Source records:
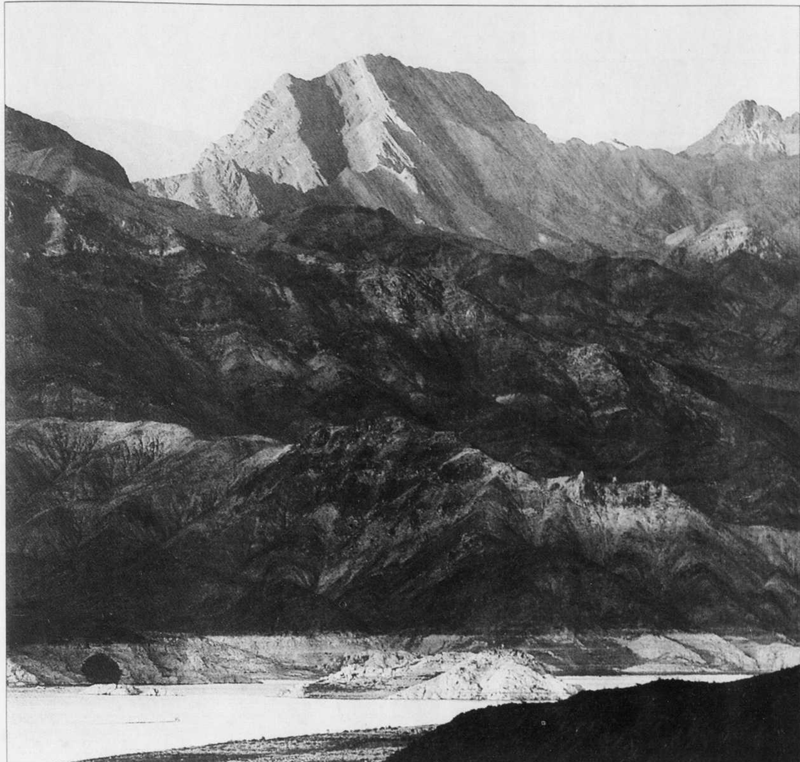
Boulder City, Nevada

Le visage des États-Unis, que l'ensemble du monde appelle l'Amérique, a été fortement mis à mal depuis les célèbres attentats d'il y aura bientôt cinq ans. Mais parce qu'un pays ne se réduit pas à son gouvernement, des intellectuels ont eu envie de témoigner de leur vision de cette Amérique réelle, rêvée, mythique. Le Devoir offrira tous les lundis de l'été de larges extraits de ces regards croisés.
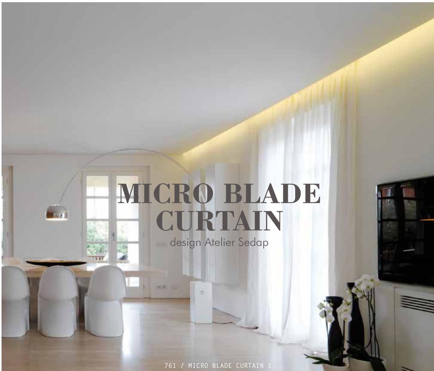
761 / MICRO BLADE CURTAIN 1

Profil en plâtre HD à encaster pour intégration de sources LEDs dans plafond et mur. Micro blade est un système spécialement adapté aux cloisons en plaques de plâtre.
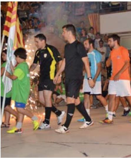
Els finalistes del 2013 entrant al terreny de joc.

Paral·lelament, hem signat l'anomenat "Manifest pel 9N", donant el nostre COMPROMÍS i posant-nos a disposició de l'ANC a col·laborar en la celebració de la consulta, i oferint el nostre suport al President de la Generalitat quan aquest la convoqui. ■
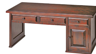
HM420 / HM
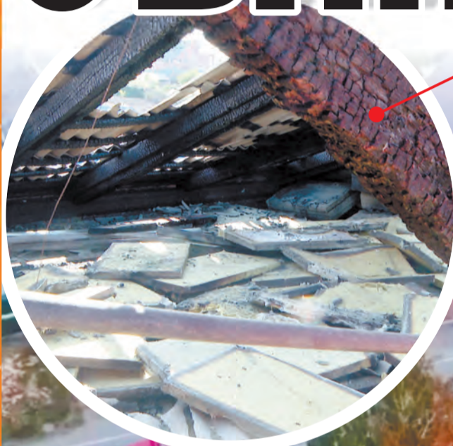
крыша после пожара
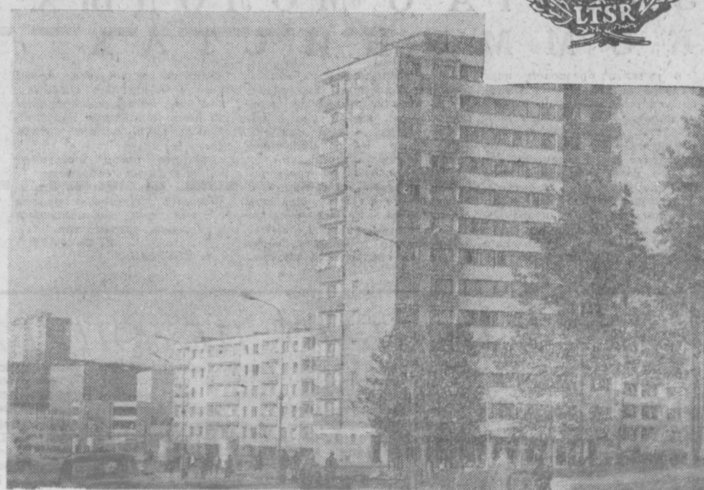
Совета Министров Литовской ССР, председатель Госплана республики

предприятий, благоустроенные дороги и чистый воздух — все нравится новоселам. НА СНИМКЕ: новые жилые дома в микрорайоне Вильнюса — Лаздинай.

*INSTRUCTIONS TO FOLLOW*.
What is needed is the exact run of lines from the start of the data through the line with "Els finalistes del", both ends included, minus the pictures.

*ANSWER*.
Boulder City, Nevada

Le visage des États-Unis, que l'ensemble du monde appelle l'Amérique, a été fortement mis à mal depuis les célèbres attentats d'il y aura bientôt cinq ans. Mais parce qu'un pays ne se réduit pas à son gouvernement, des intellectuels ont eu envie de témoigner de leur vision de cette Amérique réelle, rêvée, mythique. Le Devoir offrira tous les lundis de l'été de larges extraits de ces regards croisés.
761 / MICRO BLADE CURTAIN 1

Profil en plâtre HD à encaster pour intégration de sources LEDs dans plafond et mur. Micro blade est un système spécialement adapté aux cloisons en plaques de plâtre.
Els finalistes del 2013 entrant al terreny de joc.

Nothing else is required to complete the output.